Israele, minoranze da scoprire

Chi conosce Israele da vicino, o meglio ancora da dentro, sa bene che questo è il paese più assimilabile ad un mosaico. Anche solo prendendo in considerazione la popolazione ebraica, vivono qui da anni, decenni, quando non da secoli interi, persone provenienti dai più vari e lontani angoli del mondo. Ma al di là degli ebrei, e degli arabi palestinesi che erano già qui al momento della fondazione dello stato, ci sono un numero notevole di altre minoranze, religiose e culturali, riconosciute dallo Stato d’Israele ma molto spesso sconosciute ai più. Un esempio eclatante sono i Samaritani, che di certo a leggerne il nome sembra si stia parlando al passato remoto, e invece sono poche centinaia ma vivi e vegeti, professano la loro religione, celebrano i loro riti e vivono le loro vite all’interno di due piccole comunità. E senza arrivare a gruppi così piccoli, a dire il vero anche le minoranze numericamente più rilevanti sono ben poco conosciute.
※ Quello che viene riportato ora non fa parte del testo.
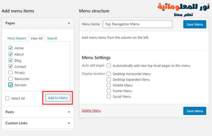 كيفية إضافة قائمة التنقل في ووردبريس دليل المبتدئين نور للمعلوماتية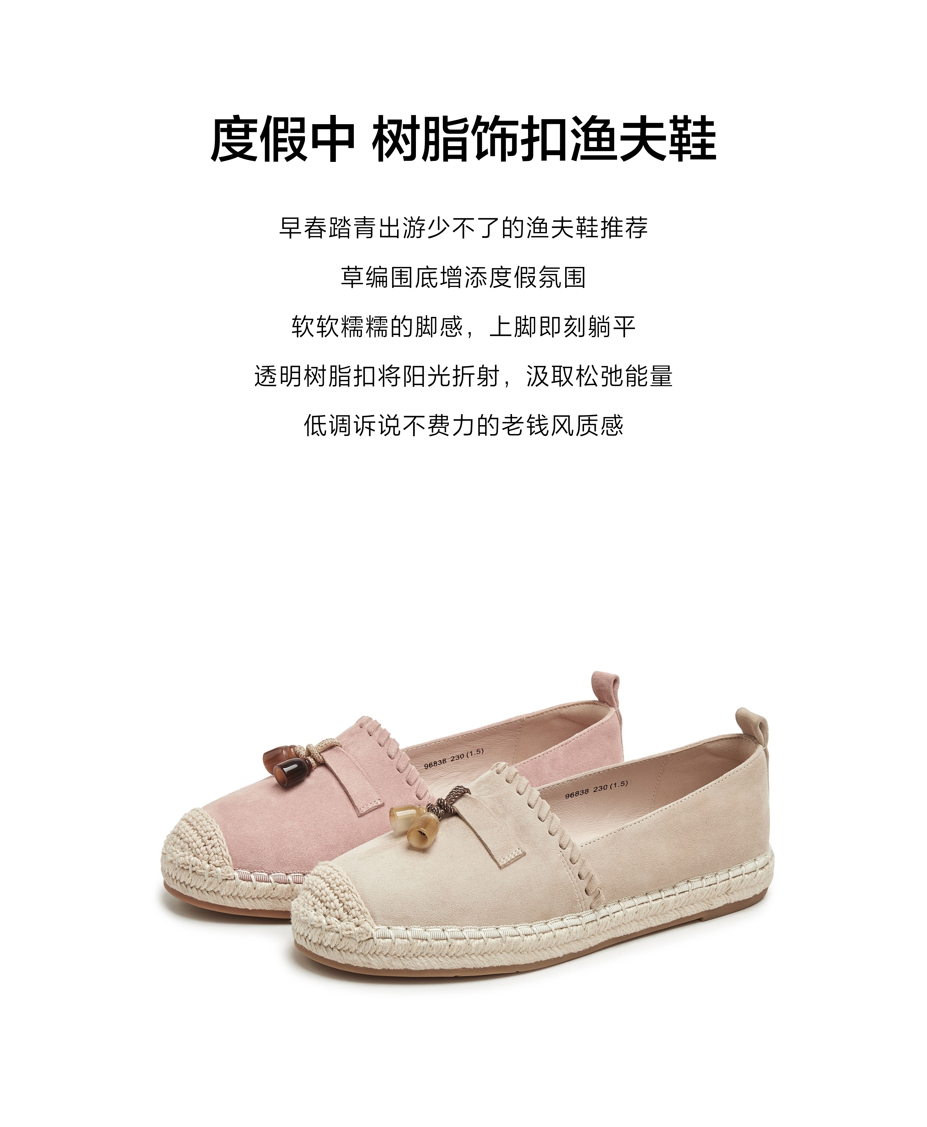 | 上市时间:2025年春季 | 鞋类流行款式:渔夫鞋 | 鞋头款式:圆头 | 执行标准:舒适上班鞋Q/LR001-2023 | 跟高范围:低跟鞋(小于3CM) |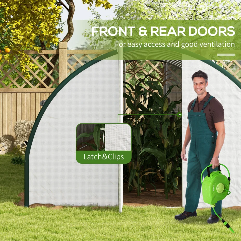 Θερμοκήπιο Outsunny Tunnel 6×3 m με 2 εισόδους και 8 παράθυρα, σε PE, πολυεστέρα και γαλβανισμένο χάλυβα, λευκό και πράσινο 84H-033V00WT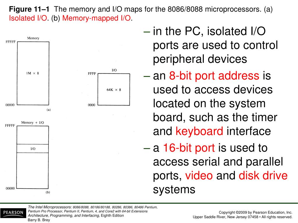 Figure 11–1 The memory and I/O maps for the 8086/8088 microprocessors. (a) Isolated I/O. (b) Memory-mapped I/O. • in the PC, isolated I/Oports are used to control peripheral devices • an 8-bit port address is used to access devices located on the system board, such as the timer and keyboard interface • a 16-bit port is used to access serial and parallel ports, video and disk drive systems

L’Adei-WIZO ha deciso di partire per un viaggio di scoperta delle minoranze in Israele, un viaggio che per necessità prende la forma di trasmissioni zoom, con una visita virtuale che si è tenuta domenica pomeriggio, sotto la guida competente e piacevole di Giordana Moscati Mascetti. Giordana, romana di origine, ha un PhD in Storia Ebraica Antica dall’Università di Bar Ilan, ed è guida turistica certificata, titolo che ha utilizzato con successo e soddisfazione a partire dal 2000.
In linea con le finalità dell’organizzazione, che propone molte e diverse attività sempre con il fine di raccogliere fondi a favore di progetti in Israele, l’Adei-WIZO ha sviluppato questa iniziativa come canale per far arrivare offerte in occasione della festa di Purim ad un progetto di grande attualità e urgenza, quello dei rifugi per donne e i loro bambini in situazioni di difficoltà o effettivo pericolo. Con le donazioni si contribuiva a comprare giocattoli per i bambini nei rifugi, in un momento così complesso come quello che può essere la lunga e faticosa gestione dell’emergenza sanitaria, che anche in Israele è ben lontana dall’essere risolta.
La visita virtuale tenutasi domenica ha presentato “I beduini in Israele: una società sospesa fra tradizioni e modernità”, con una introduzione di Giordana che ha aiutato gli ascoltatori a collocare i beduini nella geografia e storia d’Israele, e a conoscerne le pratiche tradizionali, seguita da un’intervista ad una donna beduina di Lod, Amal Alturee, che con la propria storia rappresenta perfettamente quell’essere in sospeso fra tradizioni e modernità. Amal ha un Master a Bar Ilan, figlie che studiano all’università all’estero, e una carriera prima come insegnante e oggi come traduttrice per pazienti e parenti presso Tel HaShomer, uno degli ospedali più importanti d’Israele. Se la storia di Amal può essere sorprendente, bisogna considerare però che è stato suo padre a mostrare la via, stabilendosi a Lod e spingendo le sue cinque figlie a studiare, per diventare donne indipendenti e non soggette alla sola volontà dei mariti. Se oggi una storia come la sua può esistere è grazie al fatto che parte delle famiglie beduine vivono oggi immerse o comunque estremamente esposte alla società israeliana moderna, occidentale, che mette ai primi posti per importanza l’educazione e il successo professionale. I cambiamenti che questo provoca non sono di facile gestione: passare dalla tenda nel deserto ai viaggi all’estero, alle automobili, ai ristoranti, può provocare un rifiuto anche violento da parte di alcuni. Ma come dimostra la storia di Amal, il progresso non si ferma. E quando il progresso passa per l’educazione e la conseguente indipendenza delle donne, anche una società tradizionale come quella beduina può acquisirlo e farlo suo, a poco a poco.